- Derwent shelves plan to create 29 apartments on Savile Row
- `Challenging conditions' to continue, Capital & Counties says
Derwent London Plc has shelved plans to turn an office building on Savile Row in London’s Mayfair district into 29 luxury apartments after demand was damped when the government raised the sales tax on the most expensive properties.
Soaring prices for luxury homes encouraged developers to seek to turn office space into 16,600 new homes in greater London in the two years through May 2015. The higher sales tax has made it more difficult for developers to sell the costliest apartments and is causing investors like Derwent to reassess high-end home plans.
“Savile Row is a story of stamp duty and construction costs,” Derwent Chief Executive Officer John Burns said by phone on Thursday. “We saw the new stamp-duty regime come in and construction costs rise and we decided to stay in the building and do a rolling refurbishment of the offices.” Derwent develops mid-priced office space in central London.
Demand for London homes under construction slumped by 19 percent in the fourth quarter ahead of a sales-tax increase for landlords and second-home buyers in April. The stamp-duty sales tax will climb to as much as 15 percent of the costliest homes for landlords and second-home owners, and add 90,000 pounds to the levy on a 3 million-pound apartment. The higher charge follows an increase for all buyers of luxury homes in 2014.

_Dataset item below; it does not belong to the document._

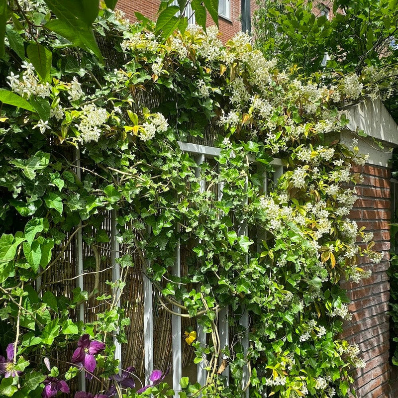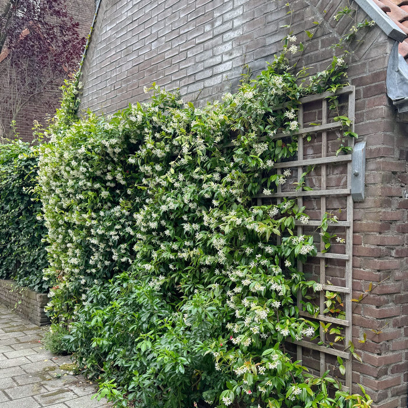 Trachelospermum jasminoides is een wintergroene klimmer die ideaal is om een schutting het hele jaar begroeid te laten. De bloemen zijn zeer geliefd bij insecten en nachtvlinders. Zorg ervoor dat deze plant niet in de volle wind staat. Voor het volledig bedekken van een schutting heb je ongeveer drie planten per strekkende meter nodig. Is een langzame groeier, dus heb geduld. Het is het waard!

Sales in the second phase of Capital & Counties Properties Plc’s Lillie Square project in the Earls Court district, where a two-bedroom apartment can cost 1.7 million pounds ($2.4 million), haven’t risen since November, the company said on Wednesday.
“The challenging conditions seen in the residential market at the end of the year are expected to continue in 2016,” the developer’s CEO, Ian Hawksworth, said in a statement on Wednesday.
“We are concerned by the significantly slower sales rates at Earls Court,” James Carswell, an analyst at broker Peel Hunt with a reduce rating on the stock, said in a note to clients. “This is despite numerous advertisements offering to pay stamp duty on behalf of the buyer and, although prices have held up so far, we remain cautious.”
In south London’s Nine Elms, the district that includes Battersea Power Station, there is “a messy shoot-out between competing developers” for buyers in a neighborhood where 18,000 homes are planned, according to Mike Prew, an analyst at Jefferies Group LLC.
Tax increases hurt sales in the latest phase of the Battersea Power Station, according to Sime Darby Group, which owns 40 percent of the project. While 53 percent of homes in phase 3a have been sold, those priced above 1.5 million pounds remain on the market, the Malaysian company’s CEO, Mohd Bakke Salleh, said on Wednesday.
Buyers from Russian and China are purchasing fewer apartments in London, Bakke said.
Explore Housing Prices in London
Barratt Developments Plc sold homes at a project in Horseferry Road in the Pimlico district at a rate of two to three a week in 2014, CEO David Thomas said by phone on Wednesday. In a new project opposite that development, sales are running at less than one a week, he said.
“We are still seeing transactions at a higher price point, but it is definitely at a slower rate of sale,” Thomas said.
The number of homes under construction in London rose by more than a third during 2015 to a record 60,300, according to data compiled by researcher Molior London Ltd.